Turn in as hardcopy or upload to Canvas (MS Word or PDF or plain text only). Typed.

Unless specified otherwise, all questions are from "The Essentials of Computer Organization and Architecture, 5th Ed." by Null and Lobur.

  1. Chapter 1, Exercise #4. Add to the question description: "In your answer, provide the grader with a URL leading to a web page of the system you select and write a sentence or two about why that system would be your final choice."

  2. Chapter 1, Exercise #6. Two additions to the question:

    1. Pick your favorite COMPILED programming language. (Python is an interpreted language.)
    2. Add to the question description: "Comment on anything peculiar you notice."

    (Note: I don't expect you to manually examine machine language instructions, bit by bit. You can estimate the number of instructions by looking at the sizes of machine language files generated -- more bytes in the executable file means more machine language instructions.)
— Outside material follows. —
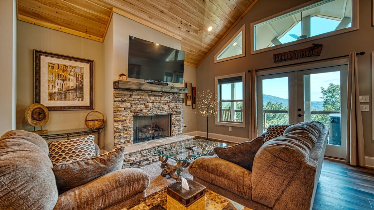 Rudge’s Retreat is a newly built mountain escape near Lake Chatuge in the beautiful Blue Ridge Mountains. Relax in the cozy living room with gas fireplace and 65” TV, or cook in the fully equipped kitchen. Large windows and French doors showcase stunning mountain views and open to a spacious deck where you can unwind in the private 4-person hot tub and enjoy peaceful mountain sunsets. Coming soon: 1G/1G Platinum High Speed Fiberoptic along with office setup and new monitor. (Currently Starlink)

  3. Chapter 1, Exercise #14.

  4. Look up information about one of the "lesser luminaries" of early computing. Select someone who made contributions in the 1940's or 1950's (they may have contributed later, too, but you must select someone who was working in computing in at least one of those two decades). Do not select one of the "big names"; select a person who contributed, but never hit the heights of fame.

    Provide citation information for your sources of information. (URLs and names for web sites, book titles and authors for books, etc.) Wikipedia is an acceptable source for this question. You might also visit the web site of the Charles Babbage Institute or The Computer History Museum in San Jose.

    1. Write a paragraph or two summarizing what you could find out about that person's biography.
    2. Write a sentence about why what they did mattered to computing.
    3. Answer this question: If you had been born as that person, and were at the moment where they made the decision to join the project (which later became famous) or accept the job (where they would wind up working with the latterly famous person), knowing only what that person knew at the time, do you think you would have have joined the project or accepted the job? Why or why not?

    How to tell if the person you selected is "too famous" for this question:

    1. If they won a Turing Award or Nobel Prize they are too famous.
    2. If were founder and CEO of a company still operating today, they are too famous.
    3. If they are mentioned in our textbook, they are too famous. (Alan Turing, Konrad Zuse, Gordon Moore, Grace Hopper...)
    4. Feel free to ask the professor if you're not sure if the person you selected is too famous or not.
    5. (It is ok if the person you pick won awards, just not big, famous awards like the Turing Award.)

    Ideas for people to research, if you don't know where to start:

    1. Mauchly and Eckert, famously, built the ENIAC. What about the other people involved in the project? You could write about any one of Kay McNulty, Betty Jennings, Betty Snyder, Marlyn Wescoff, Fran Bilas or Ruth Lichterman, the women who programmed the ENIAC from day to day, or one of the engineers responsible for designing an important component of the ENIAC.
    2. Other countries were also building early computers in the 1940s and 50s, machines not as famous in the USA. In Britain, some people built the "Manchester Mark 1". You could write about one of the people that built that machine.
    3. Fairchild Semiconductor was a company founded in the 1950's by the "traitorous eight". Two of those eight were Gordon Moore and Robert Noyce, both now too famous for this question. You could pick one of the other six to write about -- who were they and what happened to them?
    4. While working at Bletchley Park during WWII, Alan Turing worked with a number of other people while breaking the German Enigma codes -- you could select one of them.